┌────────
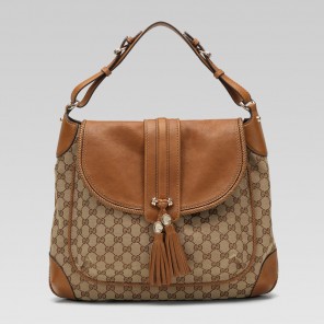 'marrakech' medium shoulder flap bag with woven leather trim and tassels with metal G details.
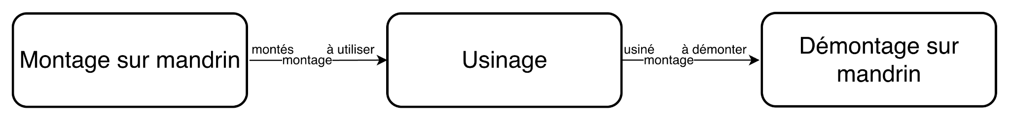 En appliquant ce principe, Fig_9 détaille les sous-activités et transitions de la qualification tournage de Fig_7. Cette représentation est beaucoup plus proche des préoccupations des acteurs opérationnels qui visualisent leurs activités par qualification. Cette liste d’activités est complétée par ce qui ressemble à une Bill Of Material (BOM) étendue. En effet, une BOM intègre les dimensions [produit, composant] mais pas [équipment, outil, consommable, qualification].
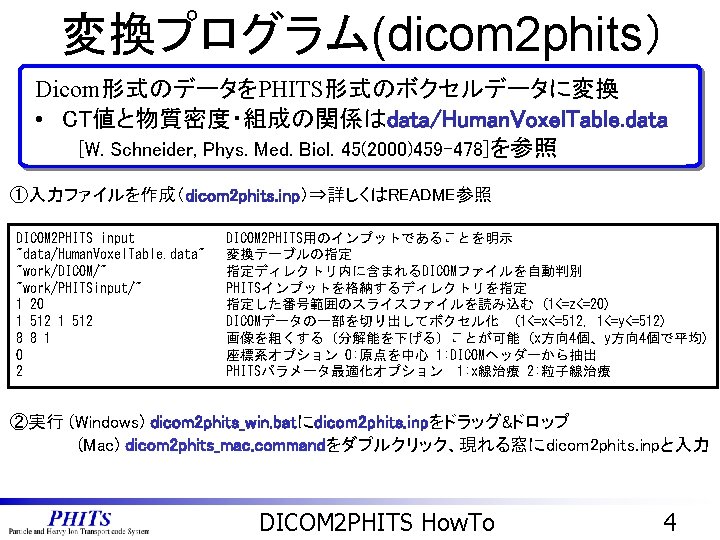 ![CT値⇔物質密度・組成変換表 data/Human. Voxel. Table. data サンプル表 [W. Schneider, Phys. Med. Biol. 45(2000)459を参照] 2行目:分割数 1行目:実行時に画面に表示するコメント Table CT値⇔物質密度・組成変換表 data/Human. Voxel. Table. data サンプル表 [W. Schneider, Phys. Med. Biol. 45(2000)459を参照] 2行目:分割数 1行目:実行時に画面に表示するコメント Table](https://slidetodoc.com/presentation_image_h/e47451dc40a82ca970bd2fd90c93f18e/image-7.jpg)
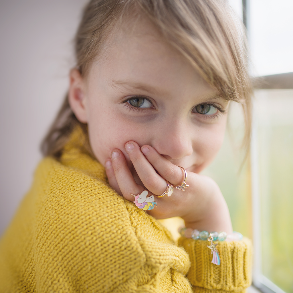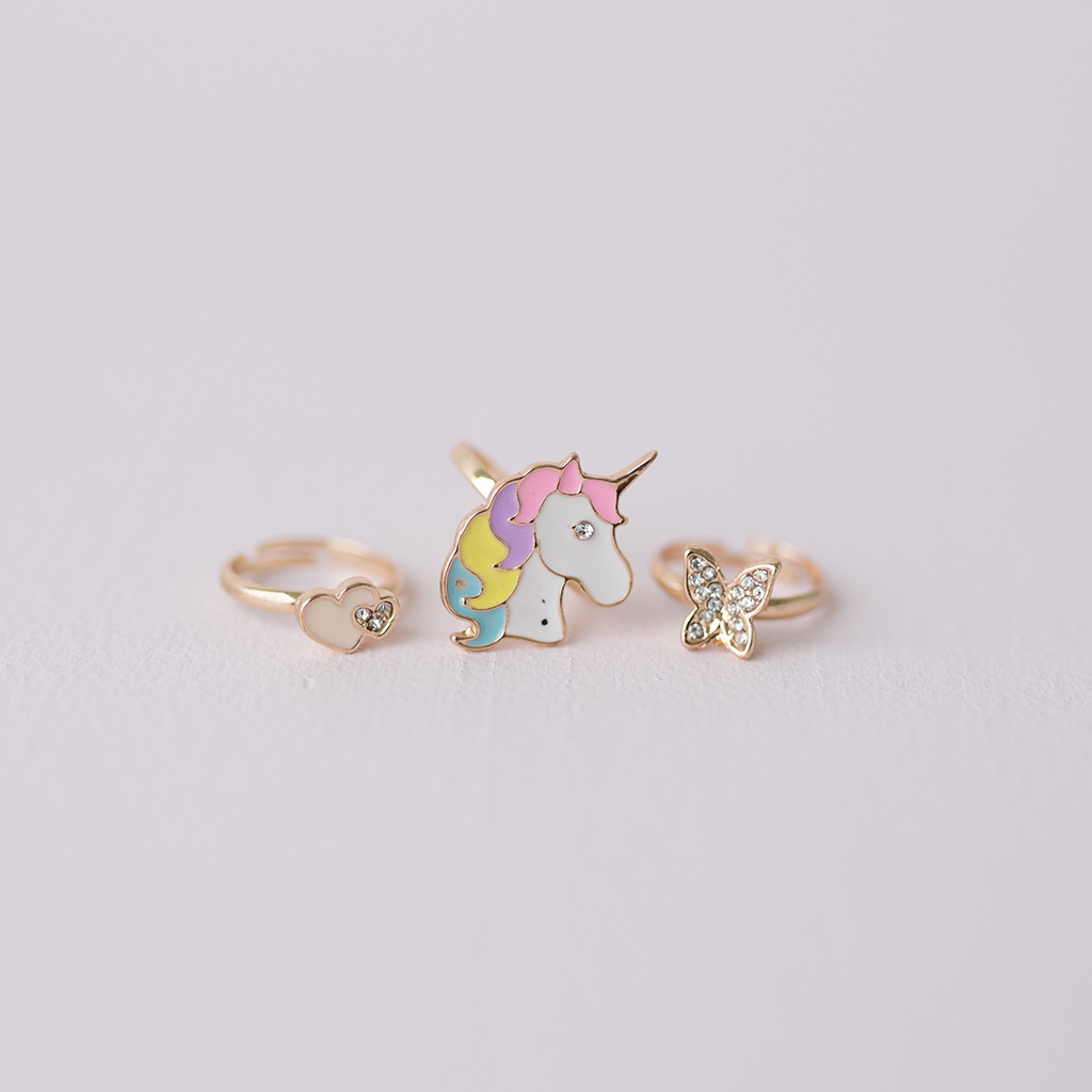 Et fint sommerfugl & enhjørninge ringsæt med 3 i. De er designet til at passe barnets fingre med størrelsesjusterbare funktioner. Dette smukke sæt er lavet med rosaguldsmetaller.
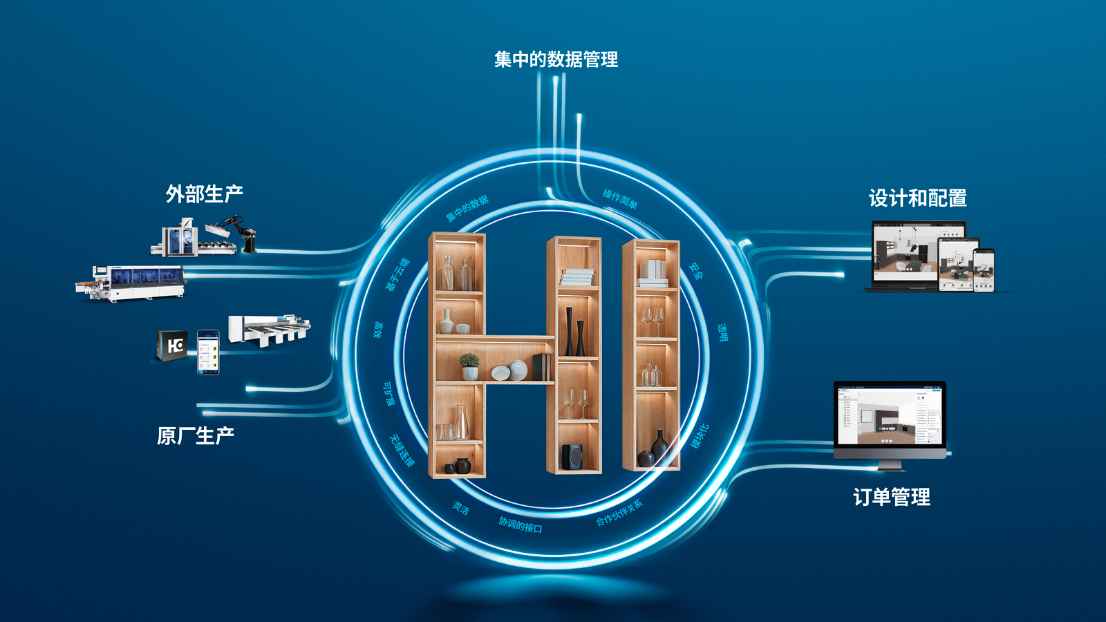 HOMAG 推出的 HOMAG INTELLIGENCE(简称 HI)并非一个单独的软件,而是一个开放式平台。该平台可将家具销售与生产过程中产生的所有数据无缝连接,且不受机床设备、现有软件环境和企业规模限制。
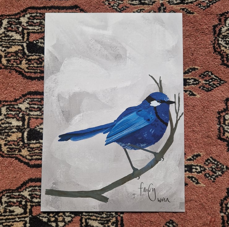 Fairy wren digital illustration drawn by me and printed onto A5 recycled paper.
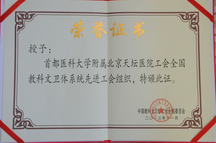 在12月11日召开的北京市卫生局系统职工之家建设工作推进会上获悉,我院被中国科教文卫体工会全国委员会授予“全国教科文卫体系统先进工会组织”称号,被北京市厂务公开协调小组授予“北京市厂务公开民主管理示范单位”称号。
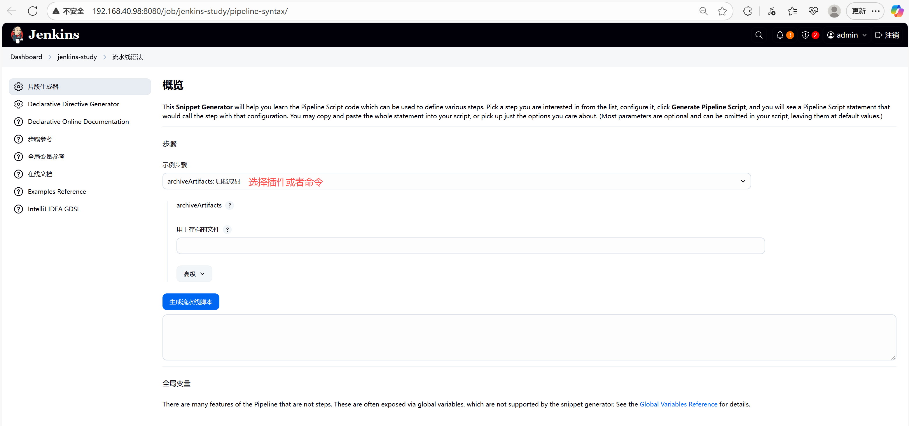 在流水线语法 Tab 页,选择插件或者命令,可以帮助我们以配置的方式,来生成流水线脚本。
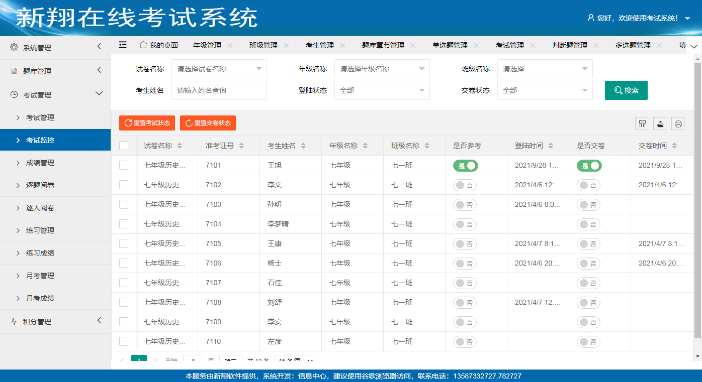 5、考試監(jiān)控可查看學生登錄及交卷情況。
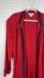 Deep red open front knit jacket has accent black striping along collar, front opening, and sleeve cuffs. Ribbing on collar and along front opening. Slightly padded shoulders add structure. Large side vents. Relaxed, comfortable styling makes it a perfect addition to any wardrobe.
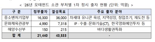 중소벤처기업부는 23일 문화체육관광부, 해양수산부, 한국벤처투자와 함께 ‘모태펀드 2026년 1차 정시 출자 공고’를 통해 이 같은 내용을 발표했다.
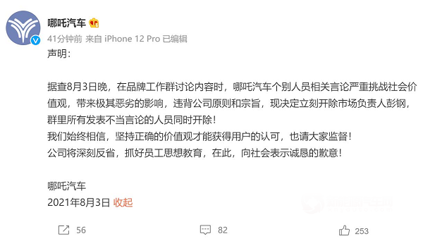 简单回顾一下,8月3日晚间网曝一张微信群聊天截图,哪吒品牌中心管理群的14人微信群内,一位昵称为“彭钢”的高管想借势已被刑拘吴某凡进行一波营销。对于品牌方来说蹭热点这事倒也无可厚非,但是由于吴某凡事件已经严重触及大家道德底线,哪吒汽车这位彭姓高管居然想要让失德艺人代言产品,为求流量毫无底线的行为让人愤慨。“出圈”这个词的意思指的是从圈内到进入大众视野的过程,哪吒汽车品牌负责人为了“出圈”不择手段的做法被曝出后立马登上热搜,鉴于形成了极坏的社会影响,随后哪吒汽车火速开除相关人员证明自己清白。但是由于反应过于快速,处理手段过于铁腕反倒让人感觉有着浓重的公关痕迹,所以急着证明清白的哪吒汽车反而变得不清不白。
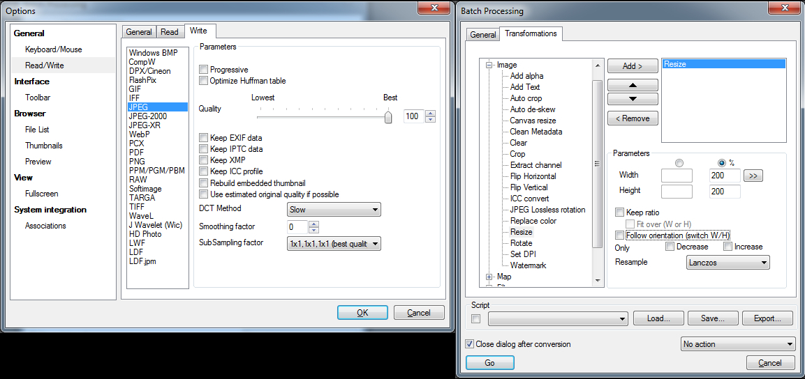 eli75 wrote:Question-Do I need to modify manually scripts generated by XnView, or XnView needs to generate PROPER scripts according to it's settings? Or-Why XnView seted on 100% quality generates 85% quality scripts?
└────────
-- Exercise directions --
Starting at the line that contains "Et fint sommerfugl", please write out each line through the last line of the data, both ends included, and keep pictures out of the copy.

-- Reply to the exercise --
 Et fint sommerfugl & enhjørninge ringsæt med 3 i. De er designet til at passe barnets fingre med størrelsesjusterbare funktioner. Dette smukke sæt er lavet med rosaguldsmetaller.
 HOMAG 推出的 HOMAG INTELLIGENCE(简称 HI)并非一个单独的软件,而是一个开放式平台。该平台可将家具销售与生产过程中产生的所有数据无缝连接,且不受机床设备、现有软件环境和企业规模限制。
 Fairy wren digital illustration drawn by me and printed onto A5 recycled paper.
 在12月11日召开的北京市卫生局系统职工之家建设工作推进会上获悉,我院被中国科教文卫体工会全国委员会授予“全国教科文卫体系统先进工会组织”称号,被北京市厂务公开协调小组授予“北京市厂务公开民主管理示范单位”称号。
 在流水线语法 Tab 页,选择插件或者命令,可以帮助我们以配置的方式,来生成流水线脚本。
 5、考試監(jiān)控可查看學生登錄及交卷情況。
 Deep red open front knit jacket has accent black striping along collar, front opening, and sleeve cuffs. Ribbing on collar and along front opening. Slightly padded shoulders add structure. Large side vents. Relaxed, comfortable styling makes it a perfect addition to any wardrobe.
 중소벤처기업부는 23일 문화체육관광부, 해양수산부, 한국벤처투자와 함께 ‘모태펀드 2026년 1차 정시 출자 공고’를 통해 이 같은 내용을 발표했다.
 简单回顾一下,8月3日晚间网曝一张微信群聊天截图,哪吒品牌中心管理群的14人微信群内,一位昵称为“彭钢”的高管想借势已被刑拘吴某凡进行一波营销。对于品牌方来说蹭热点这事倒也无可厚非,但是由于吴某凡事件已经严重触及大家道德底线,哪吒汽车这位彭姓高管居然想要让失德艺人代言产品,为求流量毫无底线的行为让人愤慨。“出圈”这个词的意思指的是从圈内到进入大众视野的过程,哪吒汽车品牌负责人为了“出圈”不择手段的做法被曝出后立马登上热搜,鉴于形成了极坏的社会影响,随后哪吒汽车火速开除相关人员证明自己清白。但是由于反应过于快速,处理手段过于铁腕反倒让人感觉有着浓重的公关痕迹,所以急着证明清白的哪吒汽车反而变得不清不白。
 eli75 wrote:Question-Do I need to modify manually scripts generated by XnView, or XnView needs to generate PROPER scripts according to it's settings? Or-Why XnView seted on 100% quality generates 85% quality scripts?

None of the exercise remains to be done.